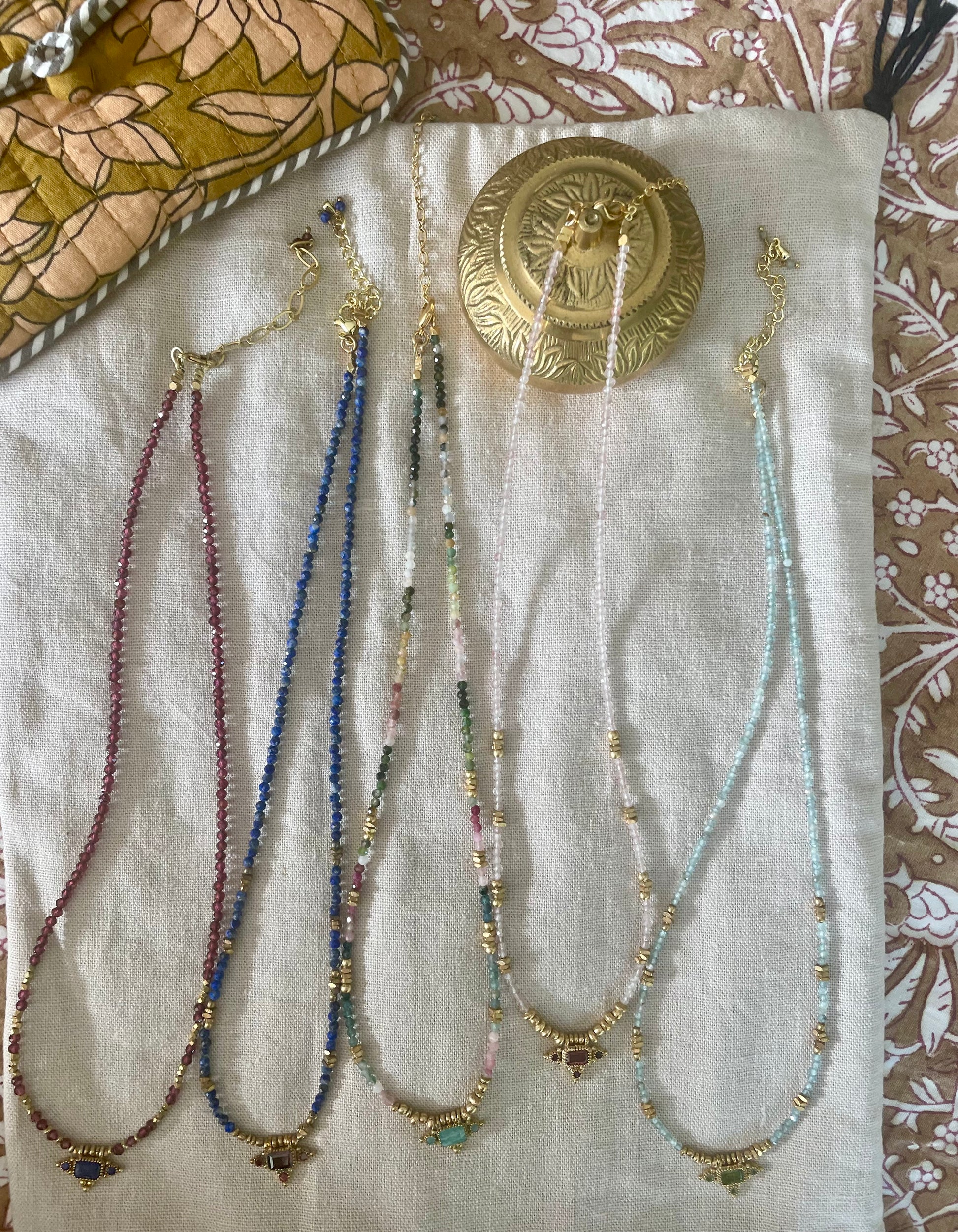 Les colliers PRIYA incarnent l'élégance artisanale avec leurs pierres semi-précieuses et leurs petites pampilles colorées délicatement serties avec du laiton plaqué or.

:::::

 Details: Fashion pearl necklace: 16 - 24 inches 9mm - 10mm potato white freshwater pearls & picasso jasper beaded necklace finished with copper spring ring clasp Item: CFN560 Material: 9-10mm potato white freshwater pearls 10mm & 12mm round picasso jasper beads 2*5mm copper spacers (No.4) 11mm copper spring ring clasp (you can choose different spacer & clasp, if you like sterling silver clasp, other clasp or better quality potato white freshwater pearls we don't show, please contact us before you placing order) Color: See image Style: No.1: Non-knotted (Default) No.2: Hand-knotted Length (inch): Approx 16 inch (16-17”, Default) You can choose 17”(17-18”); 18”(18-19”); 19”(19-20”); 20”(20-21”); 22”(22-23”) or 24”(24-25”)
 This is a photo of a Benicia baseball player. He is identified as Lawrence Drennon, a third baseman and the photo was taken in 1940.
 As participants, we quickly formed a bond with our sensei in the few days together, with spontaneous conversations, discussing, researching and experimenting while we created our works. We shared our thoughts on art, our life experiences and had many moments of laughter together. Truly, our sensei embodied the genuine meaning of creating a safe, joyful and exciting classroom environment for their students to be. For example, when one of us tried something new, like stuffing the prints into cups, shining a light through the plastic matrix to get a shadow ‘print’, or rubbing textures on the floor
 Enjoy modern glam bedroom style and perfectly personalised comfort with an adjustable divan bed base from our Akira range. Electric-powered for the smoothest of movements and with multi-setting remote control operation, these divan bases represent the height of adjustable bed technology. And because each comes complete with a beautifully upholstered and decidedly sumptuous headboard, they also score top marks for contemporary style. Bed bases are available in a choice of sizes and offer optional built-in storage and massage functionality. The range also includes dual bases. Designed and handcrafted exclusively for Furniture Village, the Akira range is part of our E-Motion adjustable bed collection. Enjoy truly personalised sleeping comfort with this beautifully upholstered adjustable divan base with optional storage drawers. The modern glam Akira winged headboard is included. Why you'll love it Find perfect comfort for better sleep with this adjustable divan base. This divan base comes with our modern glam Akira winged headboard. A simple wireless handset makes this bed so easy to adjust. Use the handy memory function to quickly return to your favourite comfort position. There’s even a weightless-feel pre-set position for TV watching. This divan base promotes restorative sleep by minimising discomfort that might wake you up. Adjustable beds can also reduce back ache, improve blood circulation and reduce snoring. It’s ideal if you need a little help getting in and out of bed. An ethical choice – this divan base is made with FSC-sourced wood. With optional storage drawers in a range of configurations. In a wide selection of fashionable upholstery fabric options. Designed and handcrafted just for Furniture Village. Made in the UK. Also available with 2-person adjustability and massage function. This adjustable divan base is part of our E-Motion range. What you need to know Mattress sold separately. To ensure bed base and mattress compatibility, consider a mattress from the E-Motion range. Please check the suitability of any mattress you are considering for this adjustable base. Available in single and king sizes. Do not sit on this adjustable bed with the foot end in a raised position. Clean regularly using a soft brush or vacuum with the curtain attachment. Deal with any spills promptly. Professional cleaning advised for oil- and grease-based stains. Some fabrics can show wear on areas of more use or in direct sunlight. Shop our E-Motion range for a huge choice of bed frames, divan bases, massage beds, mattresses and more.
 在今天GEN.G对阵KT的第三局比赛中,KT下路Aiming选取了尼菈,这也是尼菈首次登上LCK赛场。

:::::

*ACTIVITY*: Using the entries above, output exactly the lines between the line holding "This is a photo" and the line holding "As participants, we", end lines included, and nothing more.

*TASK ANSWER*:
 This is a photo of a Benicia baseball player. He is identified as Lawrence Drennon, a third baseman and the photo was taken in 1940.
 As participants, we quickly formed a bond with our sensei in the few days together, with spontaneous conversations, discussing, researching and experimenting while we created our works. We shared our thoughts on art, our life experiences and had many moments of laughter together. Truly, our sensei embodied the genuine meaning of creating a safe, joyful and exciting classroom environment for their students to be. For example, when one of us tried something new, like stuffing the prints into cups, shining a light through the plastic matrix to get a shadow ‘print’, or rubbing textures on the floor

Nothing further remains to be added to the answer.